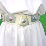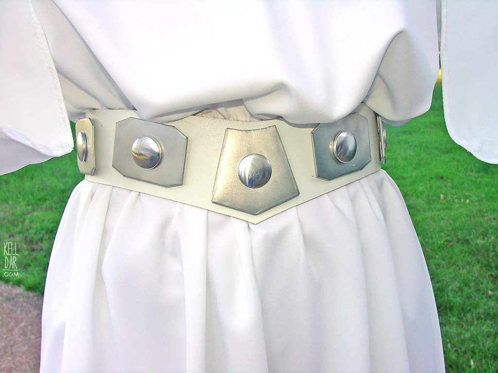 My belt my dad helped me make – we bought a long piece of leather, cut the shape out, and I dyed it white. My dad cut each of the metal pieces out and attached the silver buttons in the center, and then rivetted each metal piece onto the belt. It buttons up in the back. I love it. (And as of 2025, this is still the Leia belt I am using. It has seen better days and I have plans to make a new one eventually, and give this one a long deserved retirement!)
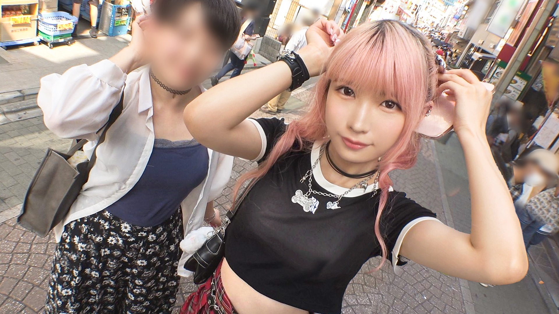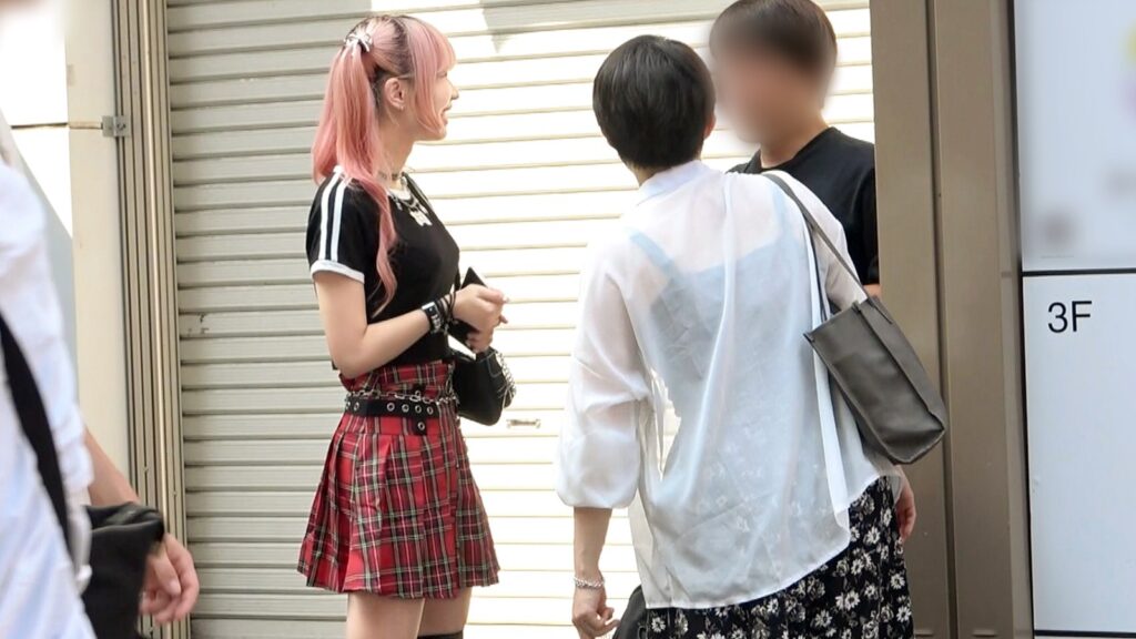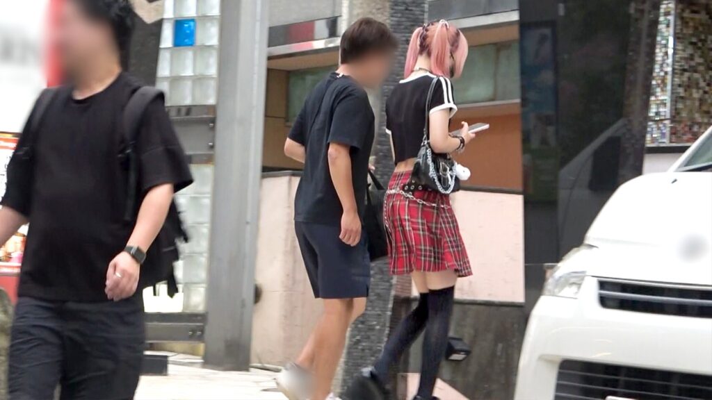 原宿駅付近でマルチの女が現れるのを待つと、数十分程度で細いピンクの髪の女の子が声を掛けてきました。ツインテールの髪型に、チェックのスカートにニーハイ姿。
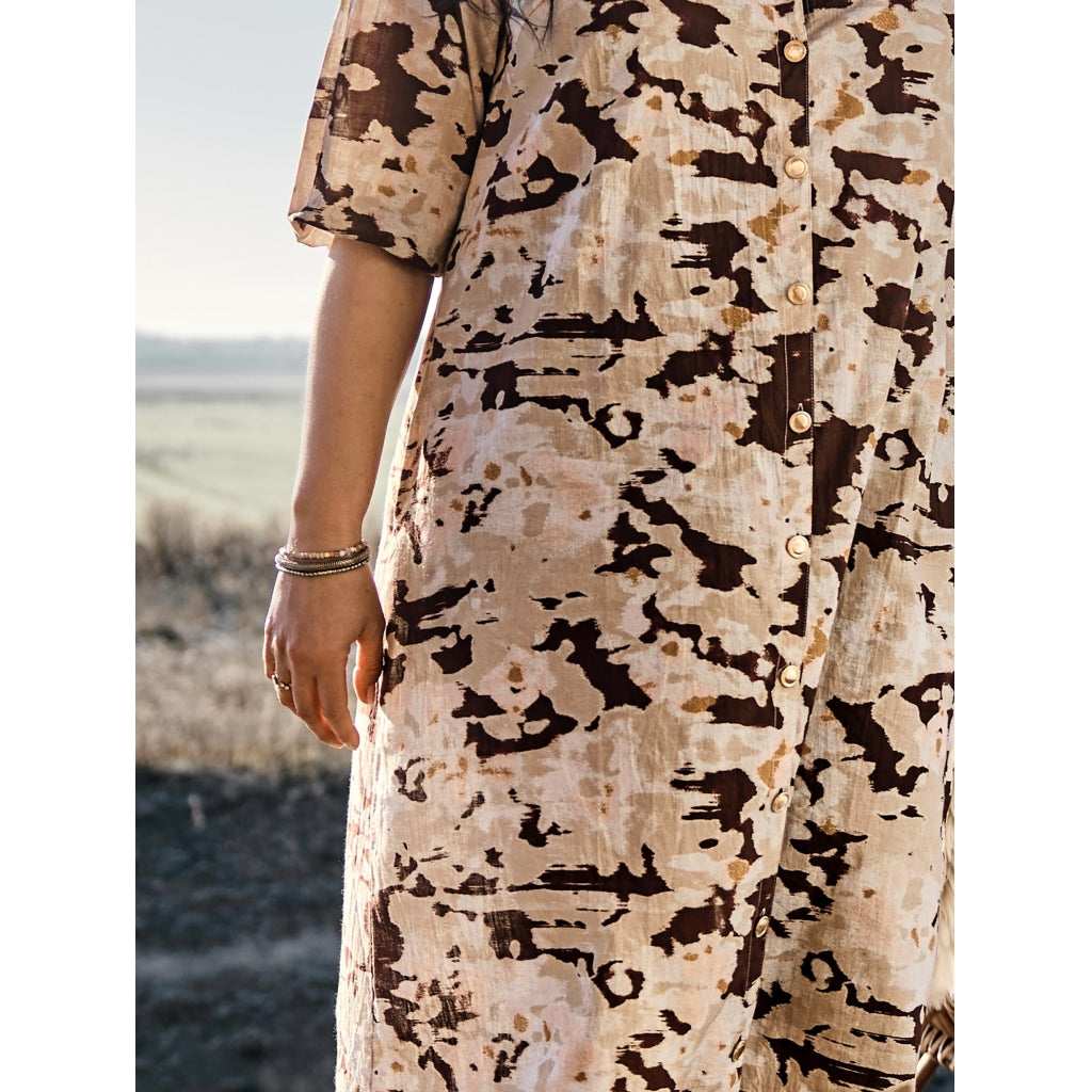 FIONA Dress er en enkel, men sofistikeret kjole, der kombinerer komfort med feminine detaljer. Den har en flatterende V-udskæring og ærmer i albuelængde, som giver et let og elegant look. Lommer i siden tilføjer en praktisk dimension.Kjolen falder flot og er ideel til hverdagen med sneakers eller til fest med smykker og hæle.- Plus size kjole i str. 38–56- V-udskæring og albuelange ærmer- Praktiske lommer i siden- Let materiale med flot fald- Velegnet til både hverdag og festlige lejligheder
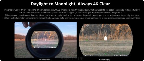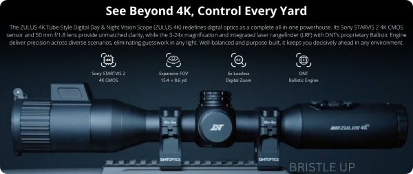 The DNT Optics ZULUS 4K 3–24x Digital Day and Night Vision Rifle Scope is a game-changer for modern shooters, combining Sony STARVIS 2 4K clarity, a fast 50 mm f/1.8 lens, and a powerful 1,300-yard laser rangefinder in one streamlined optic. With an intelligent DNT Ballistic Engine, wide field of view, and smooth 60 fps performance, it delivers uncompromising precision from bright daylight through to deep night, keeping you confidently ahead in any environment.
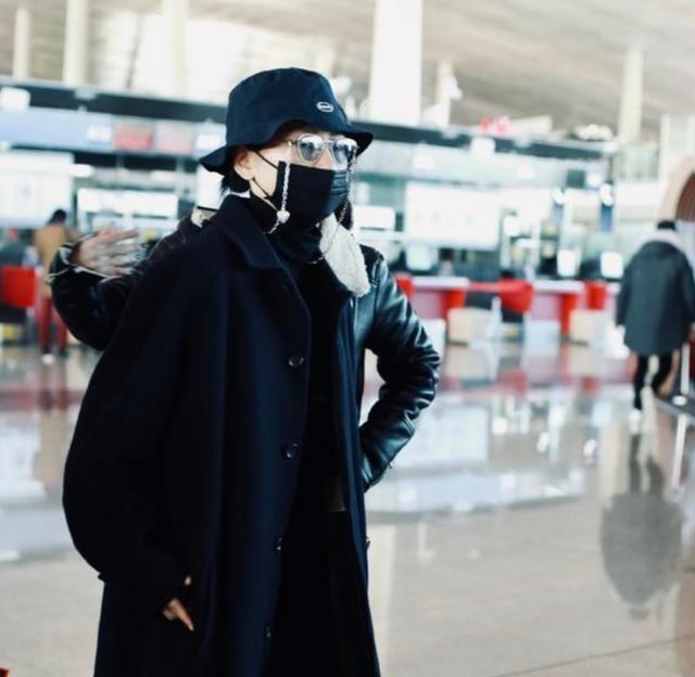 她的套装全都是黑色,完全不符合女性的特点,给人的感觉都是潮流耍酷,假小子劲头十足,戴上帽子再配上口罩这些都不是十分的出彩,但是她的一双眼睛却显得格外的别致,长长的眼睛链子垂下来眼镜链子相当的精致,但是又给人一种桀骜不驯不羁的感觉,紧接着下半身也是黑色的裤子搭配,再加上平底鞋,不过这样的搭配也会显得腿较长,也是一种正确。
* * *
> [Work to be completed] Repeat word for word the lines above, from the first entry through the line containing "FIONA Dress er", with both ends kept and the pictures dropped.

> [Task answer]
 My belt my dad helped me make – we bought a long piece of leather, cut the shape out, and I dyed it white. My dad cut each of the metal pieces out and attached the silver buttons in the center, and then rivetted each metal piece onto the belt. It buttons up in the back. I love it. (And as of 2025, this is still the Leia belt I am using. It has seen better days and I have plans to make a new one eventually, and give this one a long deserved retirement!)
 原宿駅付近でマルチの女が現れるのを待つと、数十分程度で細いピンクの髪の女の子が声を掛けてきました。ツインテールの髪型に、チェックのスカートにニーハイ姿。
 FIONA Dress er en enkel, men sofistikeret kjole, der kombinerer komfort med feminine detaljer. Den har en flatterende V-udskæring og ærmer i albuelængde, som giver et let og elegant look. Lommer i siden tilføjer en praktisk dimension.Kjolen falder flot og er ideel til hverdagen med sneakers eller til fest med smykker og hæle.- Plus size kjole i str. 38–56- V-udskæring og albuelange ærmer- Praktiske lommer i siden- Let materiale med flot fald- Velegnet til både hverdag og festlige lejligheder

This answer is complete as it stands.